Most of the microorganisms in our guts have a symbiotic relationship with us, their hosts. That means we both benefit from the relationship. We provide them with food and shelter, and they provide important services for our bodies. These helpful microbes also help to keep potentially harmful ones in check.

You can think of your gut microbiome as a diverse native garden that you rely on for nutritious foods and medicines. When your garden is healthy and thriving, you thrive, too. But if the soil is depleted or polluted, or if pests or weeds are overrunning the helpful plants, it can upset your whole ecosystem.

Function

What does your gut microbiome do?

Your gut microbiome interacts with many of your body systems and assists with many body functions. It plays such an active role in your body that some healthcare providers have described it as being almost like an organ itself.

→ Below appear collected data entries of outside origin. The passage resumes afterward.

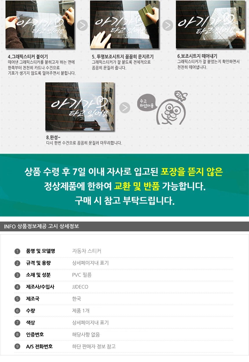• 초기제품 이상의 경우 동일한 제품으로 1:1 교환원칙, 사용후 제품이상은 A/S를 원칙으로 합니다.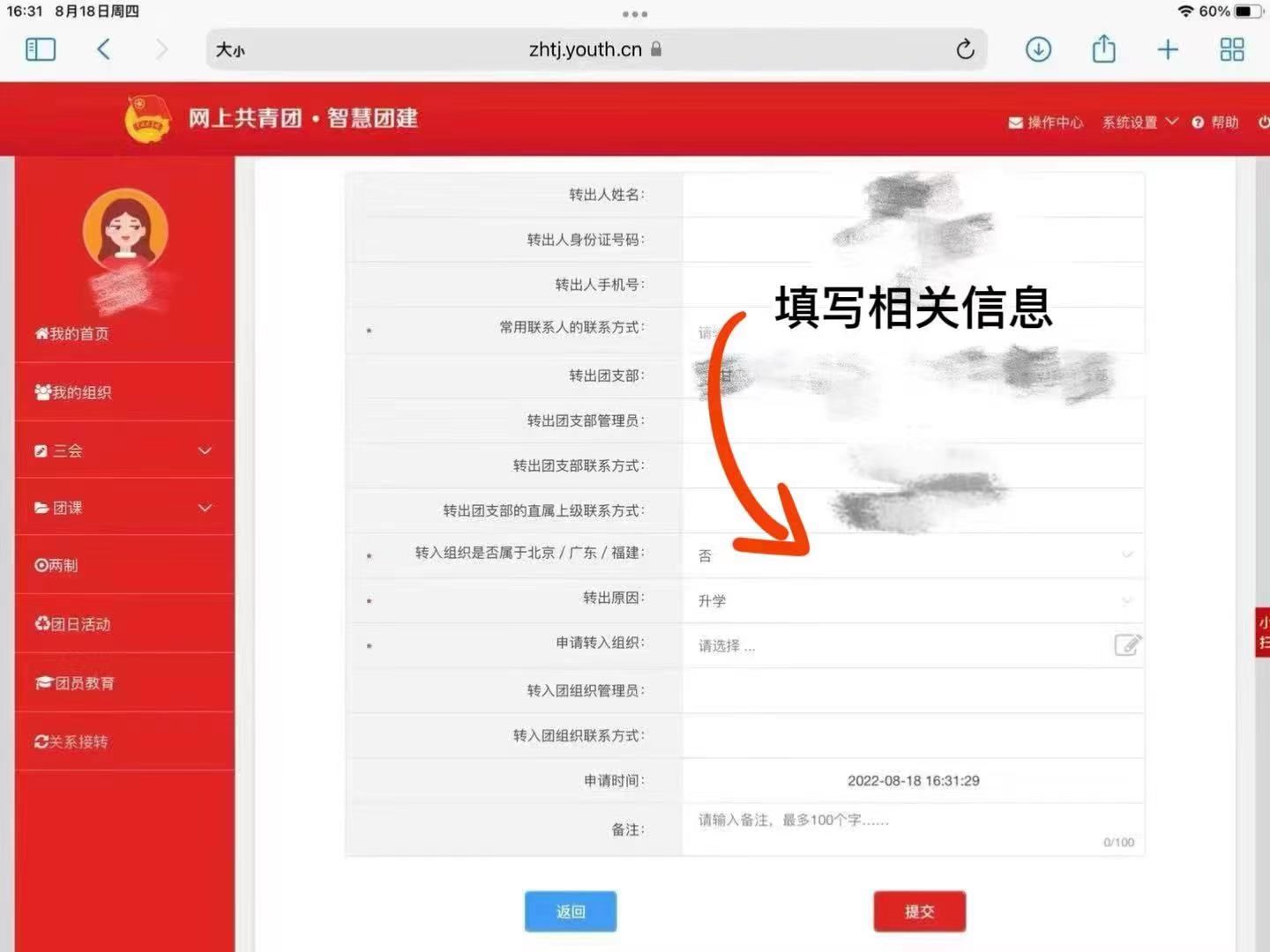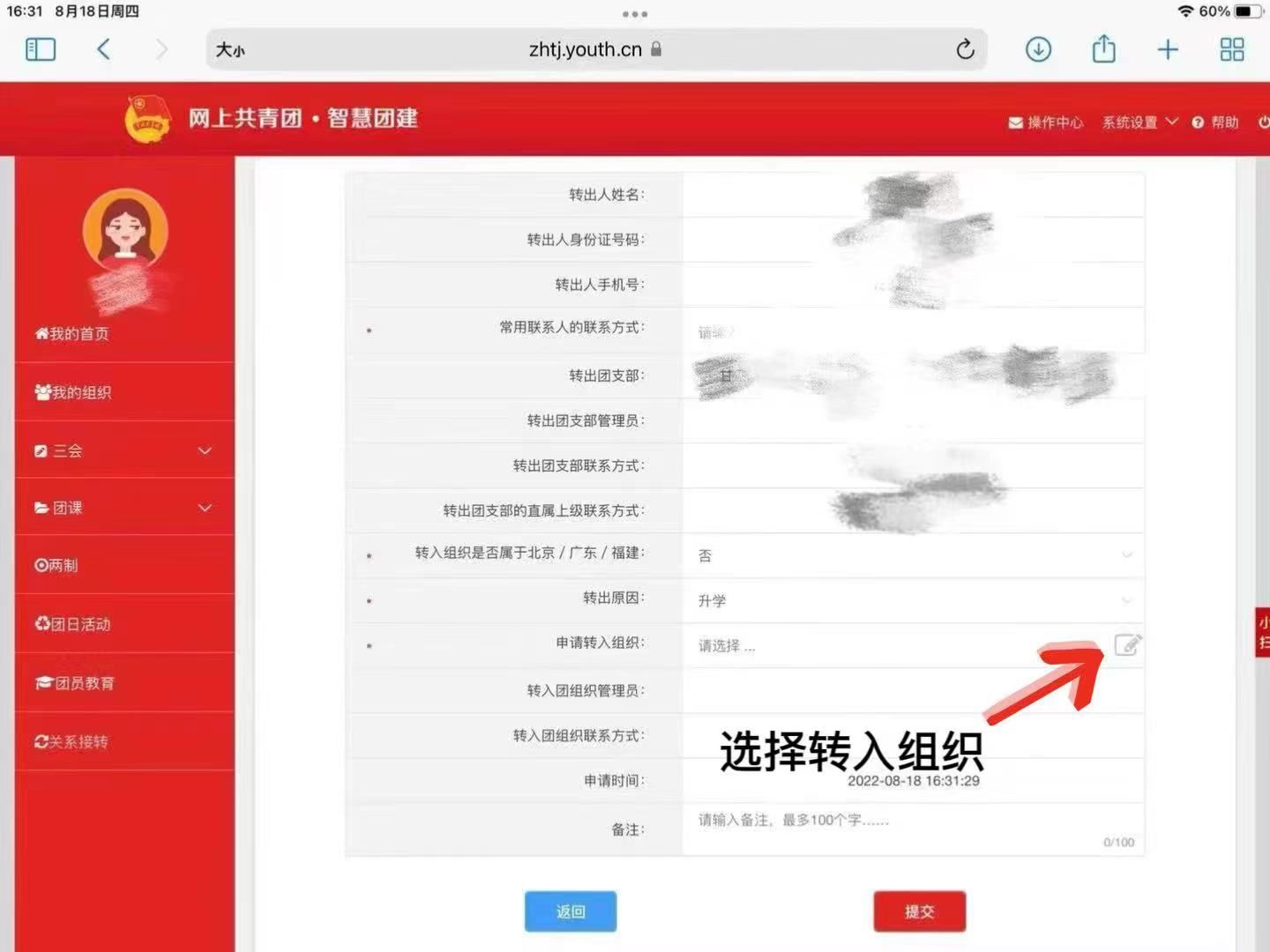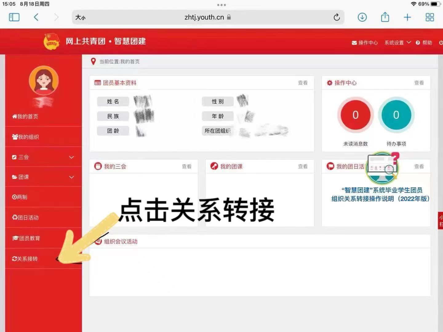 第三步:进入智慧团建,点击“关系转接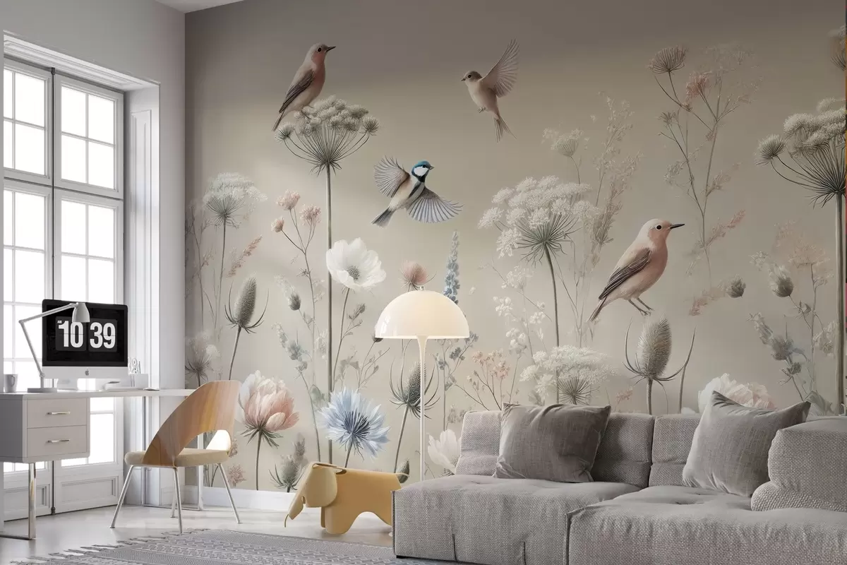 zidne murale Nježno poljsko cvijeće s pticama na bež pozadini w01958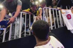 賽后,小佩頓給球迷簽名,一個(gè)小球迷非常興奮,他不斷給小佩頓送出飛吻,并高呼:“我愛(ài)你小佩頓!今天是我一生中最棒的一天!”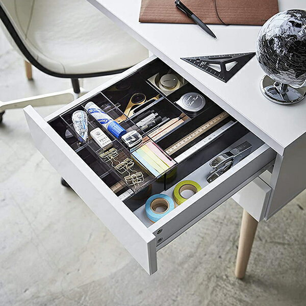 5 伸縮・フィットするデスクトレー●伸縮できるから引き出しのサイズに合わせてピッタリフィットするデスクトレー。 ●スライド式の上段トレーには消しゴムやクリップ、スティックのりなどの小物を分けて収納できます。 ●伸縮式の下段トレーにはペンやはさみだけではなく、定規などの長いステーショナリーも収納できます。 ■サイズ :約w25XD24.6XH5.7cm ■本体:ABS樹脂 上段トレー:PS樹脂 ■耐熱温度 :80℃ ■耐冷温度 :-40℃ ■対応サイズ :幅・奥行約25~45cm以上 高さ約6以上の引き出し(内寸) ■生産国:中国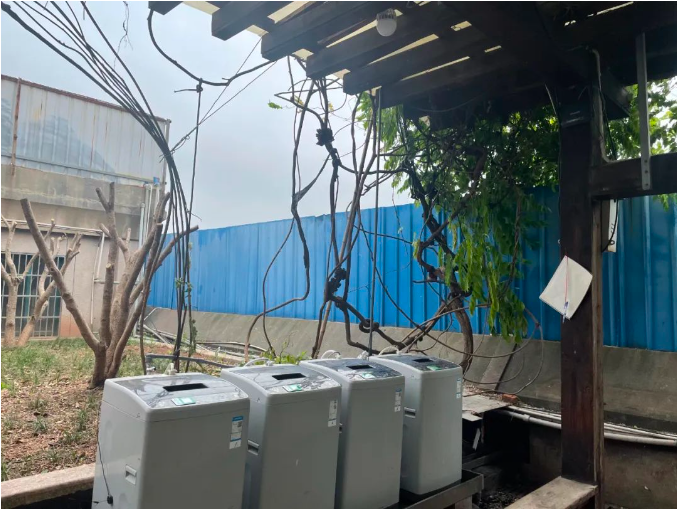 除了二期廠區(qū)之外,2022年6月,“雙童”董事長樓仲平在改造一期廠區(qū)九樓的小花園時(shí),發(fā)現(xiàn)原有的洗衣機(jī)已經(jīng)有些破舊了。為此,樓仲平專門讓公司騰出了一個(gè)荒廢的小房間,經(jīng)過一番加班加點(diǎn)的裝修改造,一間精致整潔的洗衣房就在“雙童”一期廠區(qū)橫空出世啦!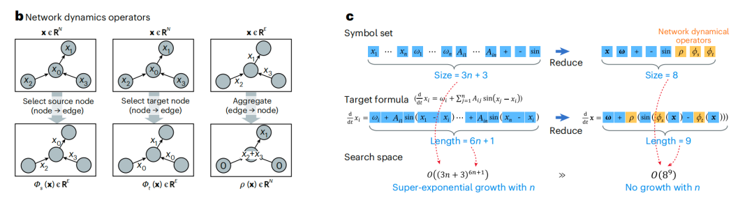 如下图所示,网络动力学算子包含源算子 φ(s)、目标算子 φ(t) 和聚合算子 ρ,这些算子使网络动力学公式的表达不依赖于网络规模,从而将原本随网络规模指数增长的搜索空间压缩成与维度无关的一维问题。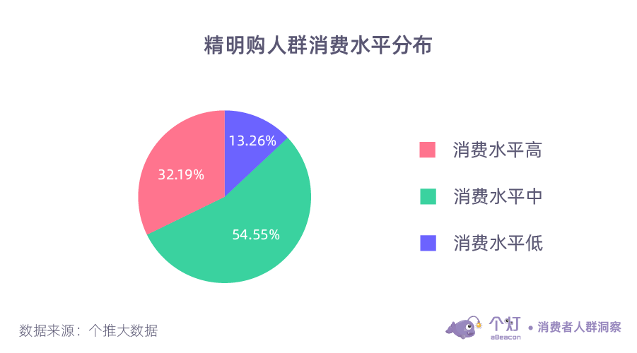 让人意想不到的是,精明购群体中,中高消费水平人群占比87%。由此看来,精明购不等于省吃俭用,而是用同样的钱买更值的商品。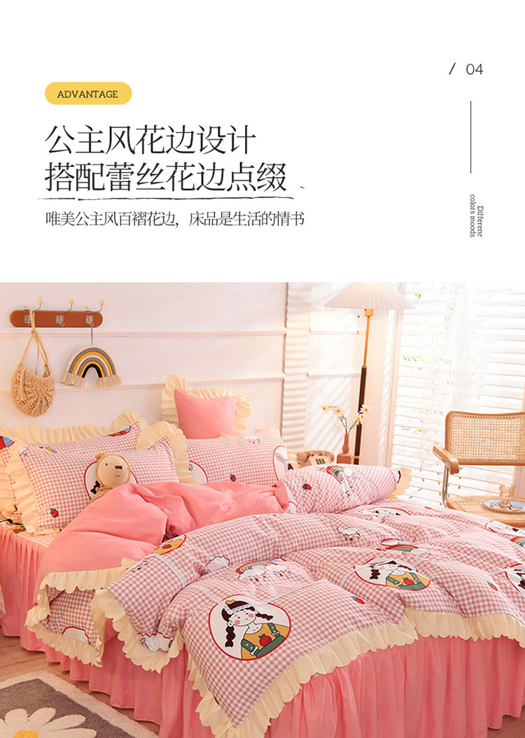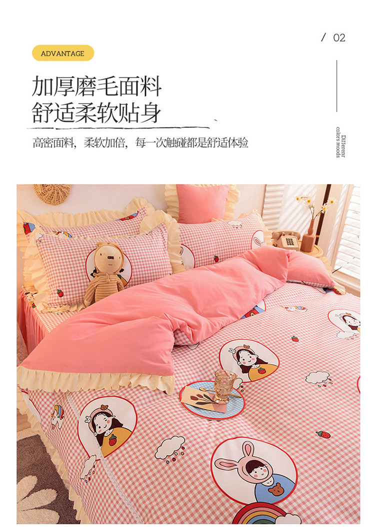 当前位置: 91家纺网 > 商品网购 > 床品套件 > 四件套 > 磨绒四件套 > 梦之岛 2020新款韩版磨毛蕾丝四件套 甜心女孩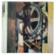 Projetos de Susan -- Imagem de uma corrente de transmissão e engrenagem de coroa em um moinho de grãos. Eu gostei das formas geométricas da engrenagem redonda e dos retângulos de madeira e da sombra interessante da engrenagem.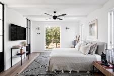 The parents' room was spruced up with the help of wooden ceiling beams, a white wardrobe corner that makes the space appear bigger, an abundance of textiles that provide a sense of warmth, and a Belgian steel profile doorway that leads to a wood and terrazzo en-suite.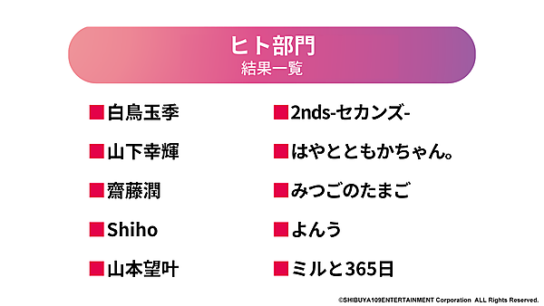 アーティスト部門では、アソビシステムの「KAWAII LAB.」から2024年に誕生した7人組ガールズグループ「SWEET STEADY(スイートステディ)」、VTuber事務所「にじさんじ」に所属する男子高校生アイドルグループ「すぷれあ」、韓国大手事務所「SMエンターテイメント」から5年ぶりにデビューした注目の新グループ「Hearts2Hearts(ハーツ・トゥー・ハーツ)」などが挙げられた。

Some of these interactions we’re still learning about, while others are well known.

Digestive system

Bacteria in your gut help break down certain complex carbohydrates and dietary fibers that you can’t break down on your own. They produce short-chain fatty acids — an important nutrient — as byproducts. They also provide the enzymes necessary to synthesize certain vitamins, including B1, B9, B12 and K.

These might seem like small nutrients, but micronutrient deficiencies can have a big impact on your health. (See: vitamin B12 deficiency, folate deficiency and vitamin K deficiency.) Short-chain fatty acids, in particular, feed the cells in your gut lining and help to keep your overall gut environment healthy.

Gut bacteria also help to metabolize bile in your intestines. Your liver sends bile to your small intestine to help you digest fats. When that’s done, bacteria and their enzymes help to break it down so that the bile acids can be reabsorbed and recycled by your liver. This is called enterohepatic circulation.

If this process stopped working, your body would be unable to recycle bile acids and your liver wouldn’t have enough to produce new bile. Your digestive system wouldn’t get the bile it needs to digest and absorb fats. And leftover cholesterol, one of the components of bile, would build up in your blood.

Immune system

Beneficial microbes in your gut help to train your immune system to tell them apart from the unhelpful, pathogenic types. Your gut is your largest immune system organ, containing up to 80% of your body’s immune cells. These cells help to clear out the many pathogens that pass through it every day.

Helpful gut microbes also compete directly with unhelpful types for real estate and nutrients, preventing them from taking up too much territory. Some of the chronic bacterial infections that can affect your GI tract, including C. difficile and H. pylori, are directly related to having a diminished gut microbiome.

Short-chain fatty acids, the byproducts of helpful gut bacteria, have important benefits for your immune system. They help maintain your gut barrier, keeping the bacteria and bacterial toxins inside from escaping into your bloodstream. They also have anti-inflammatory properties for your gut.

Inflammation is a function of your immune system, but it can malfunction, becoming hyper-reactive. Chronic inflammation is a feature of autoimmune disease and may have a role in many other diseases, including cancer. Short-chain fatty acids appear to suppress these types of inflammatory reactions.

Nervous system

Gut microbes can affect your nervous system through the gut-brain axis — the network of nerves, neurons and neurotransmitters that runs through your GI tract. Certain bacteria actually produce or stimulate the production of neurotransmitters (like serotonin) that send chemical signals to your brain.

Bacterial products may also affect your nervous system. Short-chain fatty acids appear to have positive effects, while bacterial toxins might damage nerves. Researchers continue to investigate how your gut microbiome might be involved in various neurological, behavioral, nerve pain and mood disorders.

Endocrine system

Gut microbes and their products also interact with endocrine cells in your gut lining. These cells (enteroendocrine cells) make your gut the largest endocrine system organ in your body. They secrete hormones that regulate aspects of your metabolism, including blood sugar, hunger and satiety.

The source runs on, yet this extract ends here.